I just saw the AT3's on a truck yesterday, they don't really look aggressive. I was planning on trying out the ST MAXX, till I saw the price, no thanks. Ill stick with the Duratracs


----------



## buttaluv (Dec 8, 2000)

I don't like Cooper tires, the last 2 sets I had, I didn't any kind of miles out of them...I had some Hankook that were pretty good, and I currently have Toyo Open Country's that I have 40,000 miles on them...granted these are 6 ply on a 1/2 ton...


----------



## oneoldsap (Dec 26, 2011)

There is no perfect tire for plowing and summer wear ! To do it right you need two sets of wheels and tires . In 35 years I've tried several different tire brands and styles . The best plowing tire I've found so far is the Cooper M&S with studs , they will flat ass push snow ! If you plow much pavement you might forgoe the studs, or they might not be legal in your state . Even without studs , they are an awsome snow tire . I get stuck about once every other year with them . The plow guys that I pull out of the snowbank always seem to have those big lug tires on their trucks . It's the siping that provides traction in snow . All terrain tires and all season tires have one thing in common , they aren't worth squat in snow , compared to a true snow tire !


----------



## bugthug (Oct 13, 2004)

i have a set of AT3s on my 11 2500hd. I really like them. Low hiway noise and do well in mud. They also have a 55000 warranty.


----------



## WOODY367 (Dec 19, 2002)

oneoldsap;1409725 said:


> There is no perfect tire for plowing and summer wear ! To do it right you need two sets of wheels and tires . In 35 years I've tried several different tire brands and styles . The best plowing tire I've found so far is the Cooper M&S with studs , they will flat ass push snow ! If you plow much pavement you might forgoe the studs, or they might not be legal in your state . Even without studs , they are an awsome snow tire . I get stuck about once every other year with them . The plow guys that I pull out of the snowbank always seem to have those big lug tires on their trucks . It's the siping that provides traction in snow . All terrain tires and all season tires have one thing in common , they aren't worth squat in snow , compared to a true snow tire !

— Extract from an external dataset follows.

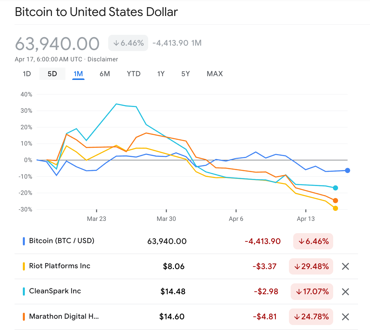 Their ongoing efforts to optimize Bitcoin production and mining operations further demonstrate their preparedness for the halving, though its stock is down almost 25% over the past month, following an almost fourfold rise between November 2023 and the start of 2024.

 These tires are not being used for plowing. They are on my daikt driver. Just looking for a good all around tire that will be ok in snow when it does around here or I go upstate sking.


----------



## trqjnky (Nov 12, 2009)

i have them on my 3/4 ton dodge. love them so far. seem to be wearing very good. not noisy and good traction on and off road.


----------



## PCDog (Jan 9, 2012)

I have the AT3 on my '08' 1/2 ton Chevy and I couldn't be happier ! They are not noisy at all and provide great traction. I've been through deep snow and mud with no complaints


----------



## lawns4life (Aug 19, 2011)

Just got a set installed on my F150. Don't have many miles on them but they seem good so far. And for $625 out the door, they were some of the cheapest 31x10.5 tires i could find


----------



## WOODY367 (Dec 19, 2002)

Thanks guys for the info. I think I might give them a try. Seems to be getting good reviews on the web.


----------